В доме его тети Марии Владимировны Сибирцевой постоянно устраивались вечера, которые посещала передовая молодежь Владивостока. Не раз здесь бывали и революционно настроенные деятели, в том числе из большевистской партии. Они вели жаркие дискуссии о дальнейшей судьбе России, и часто свидетелем этих споров был Фадеев. Видимо, под их впечатлением юноша в 1917 году становится членом так называемой коммуны – группы демократически настроенной молодежи старших классов коммерческого училища. В том же году Фадеев входит в редколлегию газеты «Трибуна молодежи» и публикует в ней ряд проблемных статей о молодежи и учебе. Товарищи Фадеева читали эти статьи с захватывающим интересом. В них были страстность, живой литературный язык, убедительность в развитии главной мысли.

Примерно в это же время сердце юного Александра посещает первая любовь. Девушку звали Ася Колесникова, она была ровесницей Фадеева и жила недалеко от него. Однако о чувствах, которые испытывал к ней Фадеев, она тогда не знала, даже не догадывалась о них. Да и сам он признается ей в этом только спустя тридцать лет. Приведу отрывок из его письма, датированного 1 июня 1949 года:

«Как это вполне естественно бывает с мальчиками и девочками, мы с Вами, однолетки, развивались неравномерно. Вы были уже, в сущности, девушка, а я еще мальчик. И, конечно, Вам трудно было увлечься этим тогда еще не вышедшим ростом и без всякого намека на усы умненьким мальчиком с большими ушами. Но если бы Вы знали, какие страсти бушевали в моей душе!..

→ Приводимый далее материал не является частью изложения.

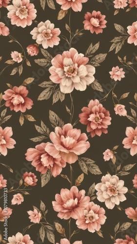 Elegant and timeless floral pattern design suitable for wallpaper, fabrics, and digital backgrounds, digital, fabric
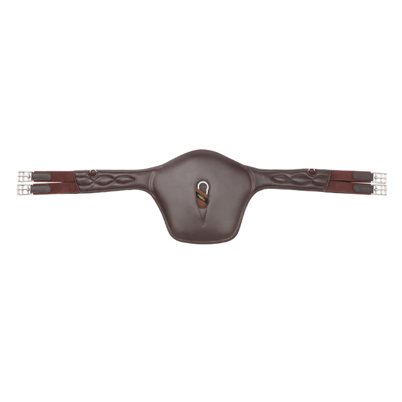 Anatomiczny popręg skokowy, dedykowany dla szczególnie wrażliwych koni. Wykonany z wyjąkowo elastycznej i miękkiej skóry. Dzięki mocno wyciętemu profilowaniu doskonale dopasowuje się do ciała. Nie powoduje blokowania łokcia i nie ogranicza ruchomości. Szeroki fartuch w części mostkowej chroni przed uderzeniami w trakcie skoku. Dwustronne gumy ułatwiają dopięcie popręgu oraz zapobiegają zapoprężeniu. Posiada po bokach dodatkowe oczka D-Ring do podpięcia pomocy. Wygodny karabinek w fartuchu ułatwia zapinanie napierśnika lub wytoku. Mocne sprzączki z rolkami w kolorze srebrnym, wykonane ze stali.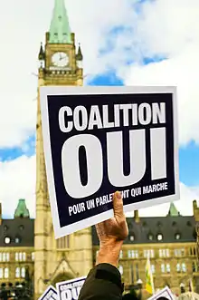 Le 1er décembre 2008, les trois partis d’opposition signent une entente de gouvernement qu’ils soumettent à la gouverneure générale. Par cette entente, l’opposition propose de former un Cabinet de 24 ministres et de répartir les ministères entre le Parti libéral (17) et le Nouveau Parti démocratique (7). Ce dernier s’engage à ne pas renverser ce gouvernement de coalition pendant 30 mois. Le Bloc québécois, dont le principal objectif est l'indépendance du Québec, n’a pas demandé de ministère, mais s’est engagé à soutenir le gouvernement de coalition pendant 18 mois.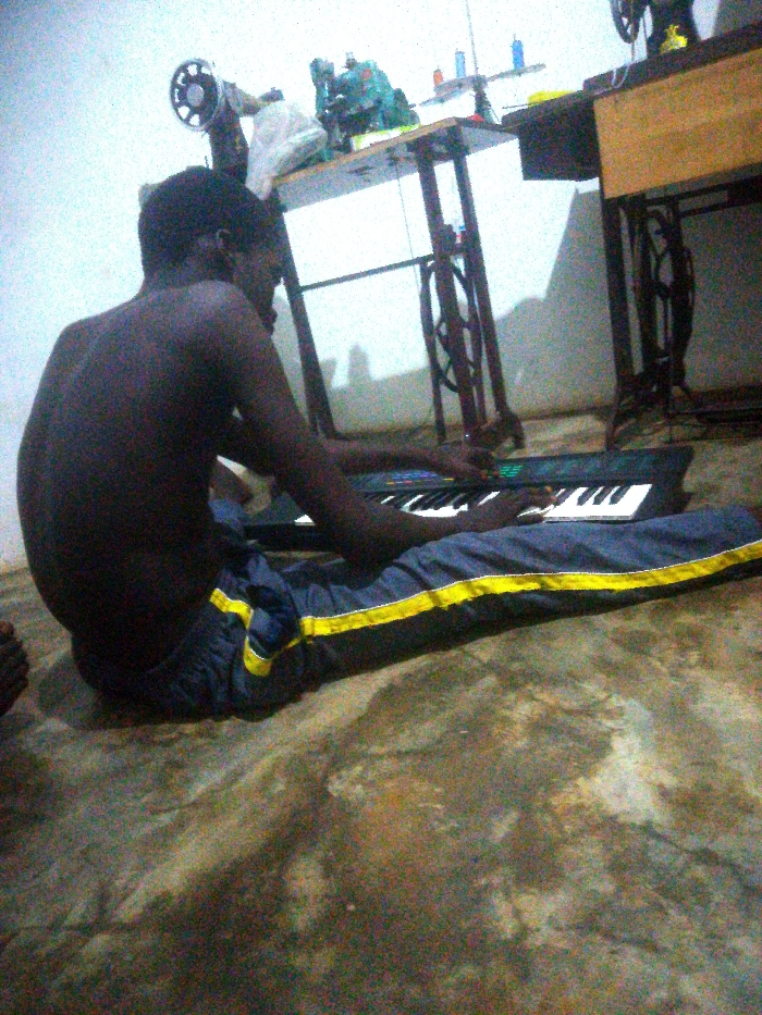 An indoor location in the city of Unknown, Unknown, features a single male individual. The male is dark-skinned, shirtless, and wears dark blue or black track pants with yellow stripes along the outer seams. He is seated directly on a rough concrete floor with his legs extended forward, positioned behind a black electronic musical keyboard. His hands are placed on the keyboard, with fingers on the keys and control panel. The individual's head is tilted downward, focusing on the keyboard. In the background, against a light-colored wall, two sewing machines are visible on elevated stands or tables. The left machine is on a dark metal frame, while the right machine is on a wooden-topped table. Spools of colorful thread are visible on a shelf or surface in the far background. The lighting is dim, and the floor exhibits varied tones, suggesting wear.

Должно быть, именно в силу неразделенности чувства оно длилось необыкновенно долго для того возраста – три или четыре года. В сущности, только бури гражданской войны заглушили его…»

В начале 1918 года политическая ситуация во Владивостоке заметно осложняется. В апреле в город высаживаются оккупационные войска японцев и англичан. Население города реагирует на это неоднозначно – часть людей приветствует приход иностранцев (мол, теперь в городе установится настоящий порядок), часть активно выступает против. Фадеев, как и все члены «коммуны», был в числе противников оккупации. Однако почти все преподаватели требовали прекратить в стенах училища всяческие политические дискуссии, в противном случае грозя ослушникам исключением. Но их требование было нарушено. Вскоре в 7-м классе началась форменная буза – ученики потребовали исключить из училища преподавателя, который на уроке бросил в лицо всему классу фразу: «Вы мерзавцы!» Однако руководство училища не пошло на поводу у бунтовщиков и поступило диаметрально противоположным образом – исключило из училища нескольких особо активных смутьянов. Но руководители не учли одного – что на сторону исключенных встанет чуть ли не все училище. Вскоре началась забастовка, которая, как цепная реакция, постепенно охватила многие училища города. Эта забастовка была тут же поддержана Владивостокским Советом рабочих и солдатских депутатов. В конце концов, видя, что сила не на его стороне, руководство коммерческого училища пошло на уступки и удовлетворило все требования стачечного комитета.

Лето 1918 года Фадеев провел у родителей в Чугуевке. А когда в сентябре вернулся во Владивосток, там уже была другая власть – белогвардейская (колчаковский мятеж произошел в июне, и советская власть была свергнута по всему Приморью). Вот как вспоминал затем Фадеев: «Шла кровавая битва, в которую был втянут весь народ, мир раскололся, перед каждым юношей уже не фигурально, а жизненно… встал вопрос: «В каком сражаться стане?»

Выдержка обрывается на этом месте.